I blame the reindeer.
For a start Rudolf was running in the lead on dipped headlights, something that is not allowed in the Sleigh: Lighting and speed limits when fully loaded. regulations from the DVLA in Swansea. He should have had his eponymous nose on full beam, especially as this was the night before Christmas Eve as Santa was trying to get ahead of himself. They were running late so were carelessly going too fast for the prevailing conditions and, it is thought, some of Santa’s sherry had been shared out a little too liberally between the too dear at the front. Santa was, of course in overall charge and responsible for the safe distribution of presents around the world but he had understandably delegated the responsibility to his lead reindeer during the long hop across the Atlantic so that he could get some rest.
They came to an abrupt halt above 22 Railway Terrace when Rudolf slipped on one of the solar panels and got his left ear lopped off by the wind turbine clamped to the chimney that was whizzing around in the East wind - the windmill that is, not the chimney. The solar panel now had a broken circuit so that cut the power to the ground source heat pump. The windmill blade was bent by its collision with Rudolf’s ear and was now making a strange noise as it rotated out of balance., so it had to be feathered and shut down.
Santa prepared to slide down the chimney when he realised that Dad was busy adjusting the feed of wood pellets to the eco boiler so the chimney route was out of the question. Santa consulted his year book for advice on an alternative route. The new health and safety advice precluded all roofly adventures and advised that the sack of presents should be left outside the front door. Santa was glad to comply as he now had a chance of catching up on his schedule - even with Rudolf’s medical problem - he navigated by eye, not ear. Rudolf didn’t want to be left ‘ear so he was chomping at his bit to get moving.
Santa yelled ‘giddup’ and the laden sleigh was on its way.
Dad finished setting up the eco boiler and then got a ladder from the shed to start repairing the solar panels. ‘Pesky reindeer,’ he muttered as he climbed the ladder. ‘ I don’t know why they don’t do away with powered transport and used gliding sleighs. Doesn’t Elf and Safety have anything to say about that?’
The older daughter, Daphne, came out to watch Dad. ‘Don’t jump off the roof, Dad. You’ll make a hole in the yard.’
‘Yes, I know, Mother’s been planting petunias.’ said Dad, looking for his pliers in his utility belt.
The solar panels were fixed and back to their winter output of 2 kilowatts, restoring power to the ground source heat pump so the house started warming up. This was the good news, as was the fact that the composting toilet was now back in use. The bad news was that the wind turbine was in a bad way and a new set of fan blades would be required.

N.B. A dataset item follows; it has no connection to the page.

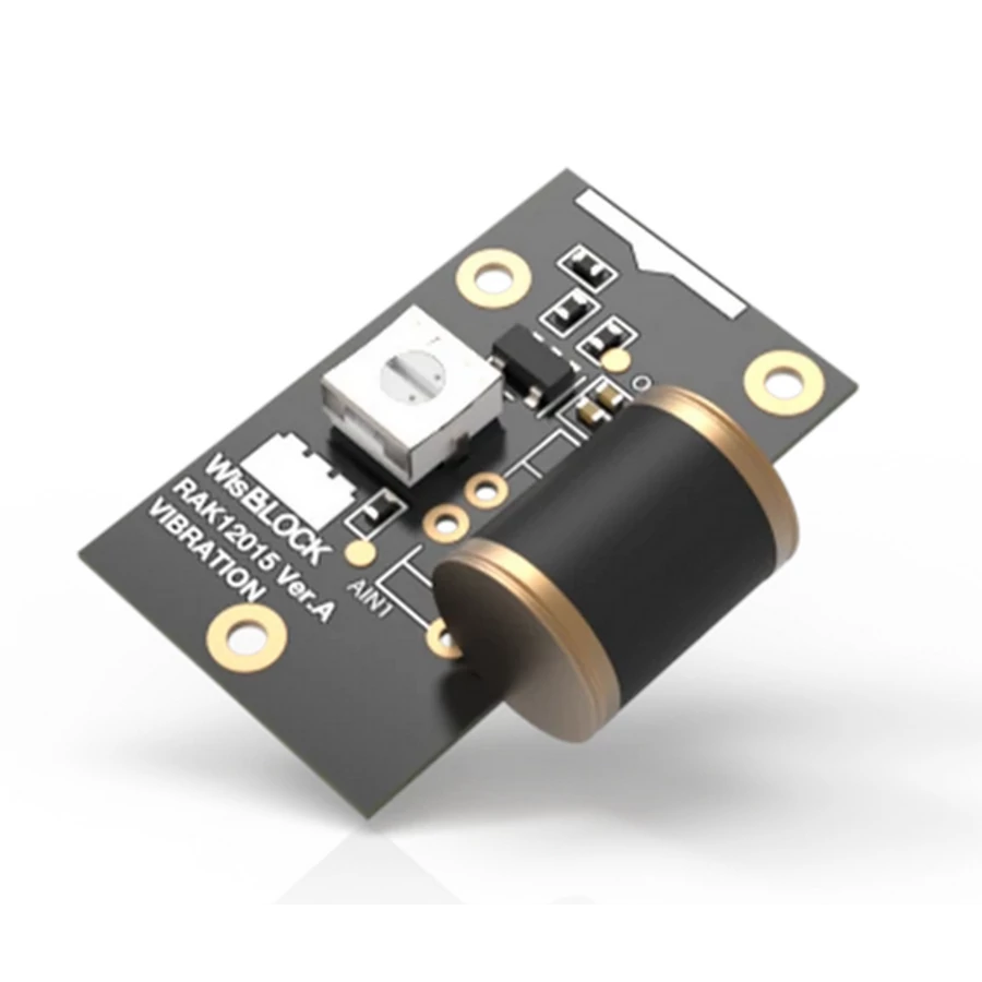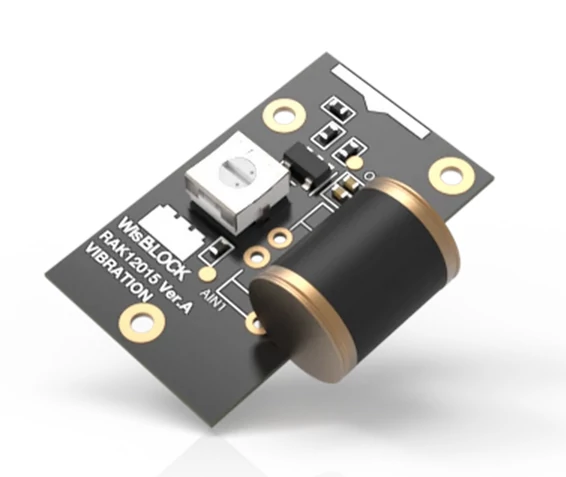 A WisBlock RAK12015 szenzor modul egy nagy pontosságú ANT801S rezgésérzékelőt tartalmaz, amely iránykorlátozás nélkül képes érzékelni a mikrolökéseket vagy a vibrációt.

Dad climbed down from the roof, just in time to see, and hear, the Salvation Army carol singers turn up - complete with their trademark oompah band. The were singing the pizza carol, you know, the one that has the line  ‘deep pan crisp and even’ - it always brought a tear to Dad’s eye, especially as he was feeling hungry after his high level work. Daphne put a penny in the old man’s - he was playing the euphonium - hat and they went in for their tea. This was a casserole that had been slowly cooking in the straw bain-marie all day - please don’t ask what meat it was, they were all feeling a little traumatised by the thought of the killing to come.

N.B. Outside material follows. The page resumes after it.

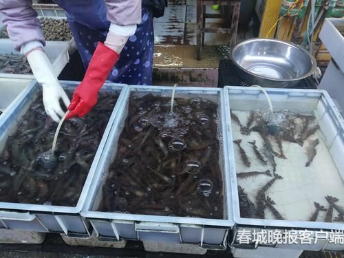 雖然節(jié)前大家喜歡買海鮮,不過(guò)篆新農(nóng)貿(mào)市場(chǎng)多家海鮮店賣的海鮮價(jià)格暫時(shí)沒(méi)出現(xiàn)上漲情況?;鶉r價(jià)格固定在70到90元/公斤,螃蟹一只在15到30元不等,魷魚65元/公斤,花甲15到20元/公斤,竹節(jié)蝦每公斤120元左右。

After dinner they all went out to do their allotted chores, feed and water the pigs and chickens, bring in some pellets for the eco boiler and kill the turkey that had been fattening up all year, ready for their Christmas Dinner. It was cold on the fingers harvesting the sprouts, as they were covered in ice. They had dug enough potatoes the previous week so now all they had to do was to pluck the turkey. It didn’t have a name as they knew from the previous year that that calling a turkey ‘Harriet’ made it too personal a killing - almost murder in fact. They set to, pretending this was just another turkey. The anonymous turkey was soon plucked, stuffed and ready for the oven. They spent the rest of the evening decorating the Christmas tree with paper chains carefully made from the paper strips with organic glue they had swapped at the WI sale for a bucket of sprouts. The tree, of course, was one carefully dug up from the garden, complete with roots. It had lasted for five years so far and soon would be too big to bring indoors. It was already a bit of a chore digging a hole big enough for it in the garden each January. It was also starting to encroach on the vegetable patch.
The presents then had to be wrapped, using the paper and string saved from last year of course - none of that new fangled sellotape stuff that stuck to everything, except the right thing in the right place. The family was tired by now so they trooped up to bed - leaving Dad to bring Santa’s sack in from the front porch and Mum to distribute the parcels under the tree.
Daphne was woken first by the two younger children, Elf and Safe who were very excited and clamoured to be allowed downstairs to see if Santa had been. Daphne negotiated with them; they could go downstairs and look at their presents but none could be opened until the morning chores had been completed and breakfast had been fully eaten.
They quickly hoovered up their porridge and home made yogurt and then renewed their demands to open their presents. Mum and Dad had sleepily stumbled downstairs by this time. Dad pleaded for time to make some of their coffee substitute, made from the acorns from five acre wood - the pannage pigs didn’t approve - then gave in to the children’s demands.
There were soon the sounds of cutting of string and tearing of paper, in spite of the parent’s pleas to carefully fold up the paper for next year. What five year old concerns themselves with next year? It is so far in the future that it doesn’t exist.
What delights lay in store for them, hidden within the folds of recycled, battered, Christmas wrapping paper. Miniature garden implements were greeted with squeals of delight, packets of seed were discovered with joyous cries and as for recipes for ‘ delicious dishes created from your garden harvest’! There could be nothing better.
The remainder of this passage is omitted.